(Data extracted from a collection)
__________________________________________________

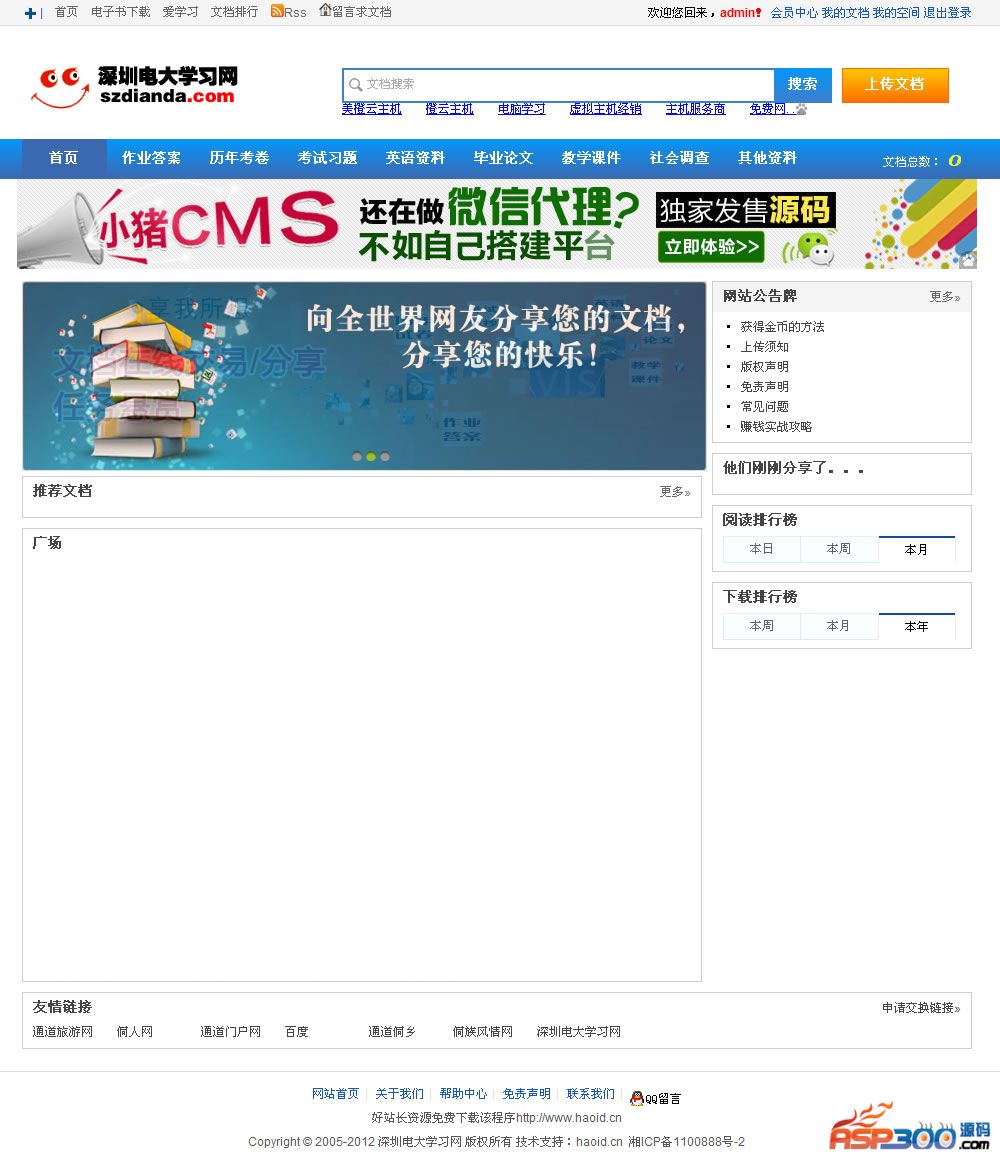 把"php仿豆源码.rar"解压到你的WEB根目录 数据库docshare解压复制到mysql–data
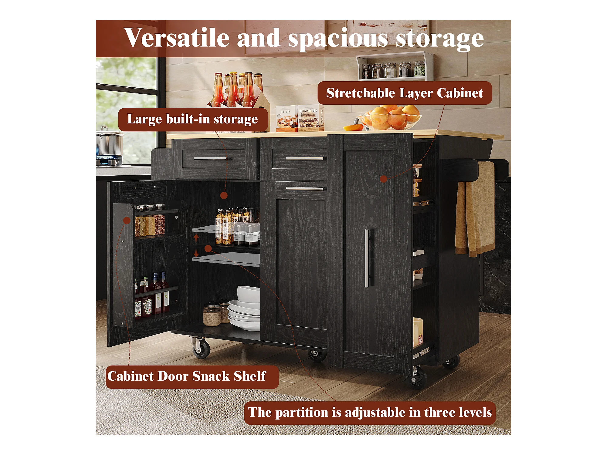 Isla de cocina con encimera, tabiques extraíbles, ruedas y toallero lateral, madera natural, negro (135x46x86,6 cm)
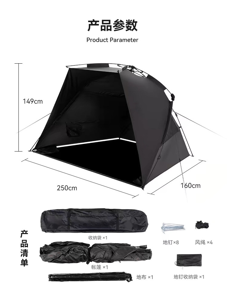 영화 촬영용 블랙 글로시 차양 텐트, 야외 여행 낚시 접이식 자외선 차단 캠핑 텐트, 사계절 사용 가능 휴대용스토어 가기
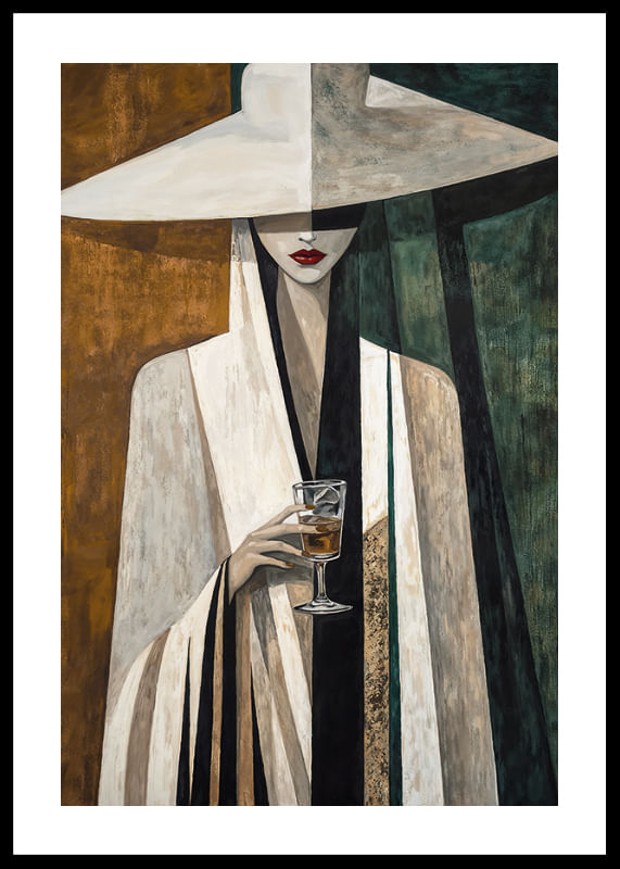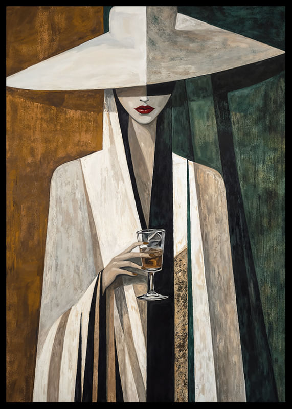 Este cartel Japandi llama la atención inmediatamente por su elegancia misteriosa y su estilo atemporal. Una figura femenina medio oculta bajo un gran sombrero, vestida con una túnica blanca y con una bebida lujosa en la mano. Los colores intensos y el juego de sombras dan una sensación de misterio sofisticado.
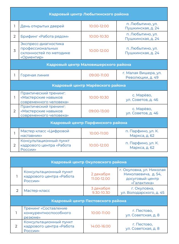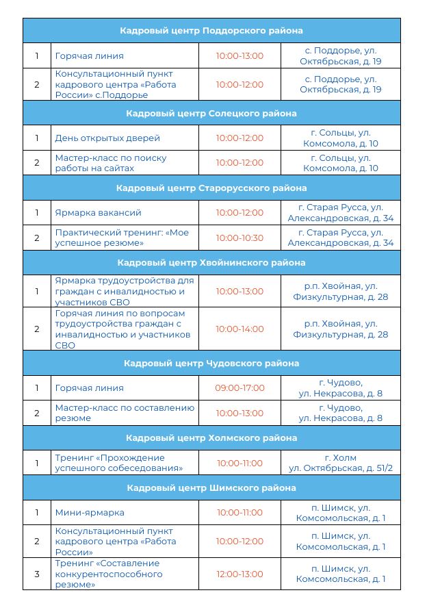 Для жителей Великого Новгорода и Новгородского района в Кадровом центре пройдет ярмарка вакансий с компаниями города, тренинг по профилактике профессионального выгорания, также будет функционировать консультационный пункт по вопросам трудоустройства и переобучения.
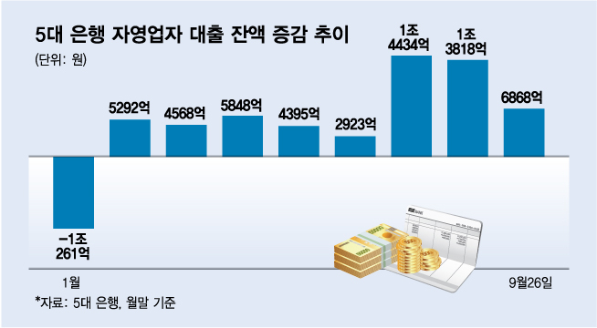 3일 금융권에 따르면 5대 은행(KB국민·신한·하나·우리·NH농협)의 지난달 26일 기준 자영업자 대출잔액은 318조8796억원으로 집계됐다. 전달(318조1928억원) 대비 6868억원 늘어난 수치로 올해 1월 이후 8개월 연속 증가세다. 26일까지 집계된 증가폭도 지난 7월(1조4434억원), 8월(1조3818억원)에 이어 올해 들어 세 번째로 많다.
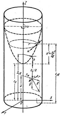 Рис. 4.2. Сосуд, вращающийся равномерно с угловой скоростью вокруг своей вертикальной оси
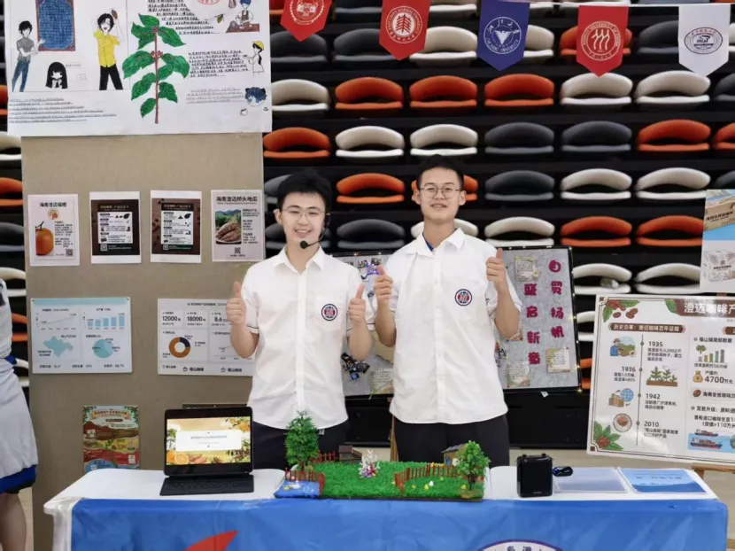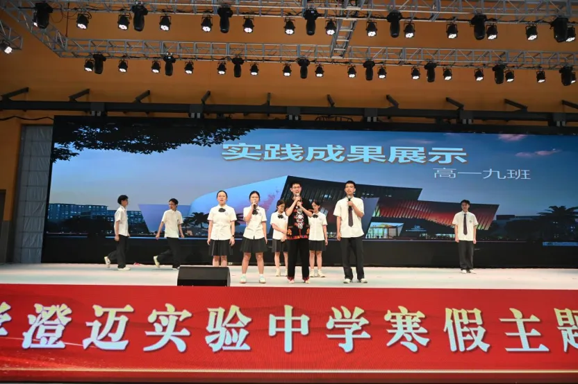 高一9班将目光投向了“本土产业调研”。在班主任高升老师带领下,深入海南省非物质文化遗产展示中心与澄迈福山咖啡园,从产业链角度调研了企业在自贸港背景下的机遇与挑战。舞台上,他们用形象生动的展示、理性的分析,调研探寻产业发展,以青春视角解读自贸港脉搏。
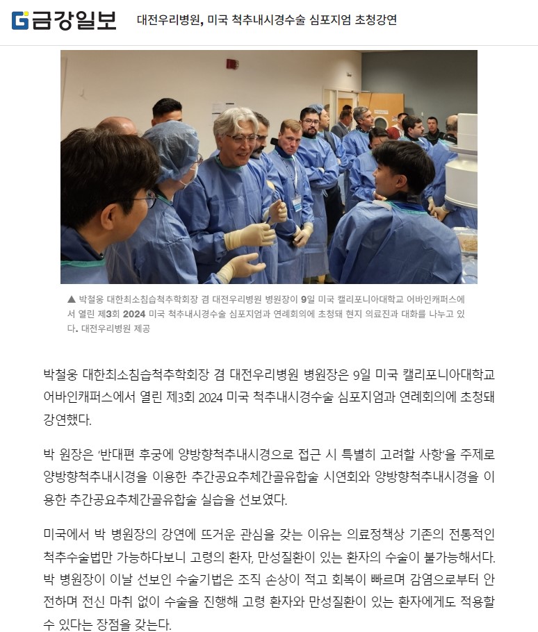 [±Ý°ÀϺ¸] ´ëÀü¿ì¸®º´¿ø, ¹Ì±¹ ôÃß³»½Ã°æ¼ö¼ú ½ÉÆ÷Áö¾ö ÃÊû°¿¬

__________________________________________________

Try it: Pictures excluded, reproduce only the part above that opens with the line holding "Isla de cocina" and closes with the line holding "Este cartel Japandi", exactly as written.

The answer:
 Isla de cocina con encimera, tabiques extraíbles, ruedas y toallero lateral, madera natural, negro (135x46x86,6 cm)
 영화 촬영용 블랙 글로시 차양 텐트, 야외 여행 낚시 접이식 자외선 차단 캠핑 텐트, 사계절 사용 가능 휴대용스토어 가기
 Este cartel Japandi llama la atención inmediatamente por su elegancia misteriosa y su estilo atemporal. Una figura femenina medio oculta bajo un gran sombrero, vestida con una túnica blanca y con una bebida lujosa en la mano. Los colores intensos y el juego de sombras dan una sensación de misterio sofisticado.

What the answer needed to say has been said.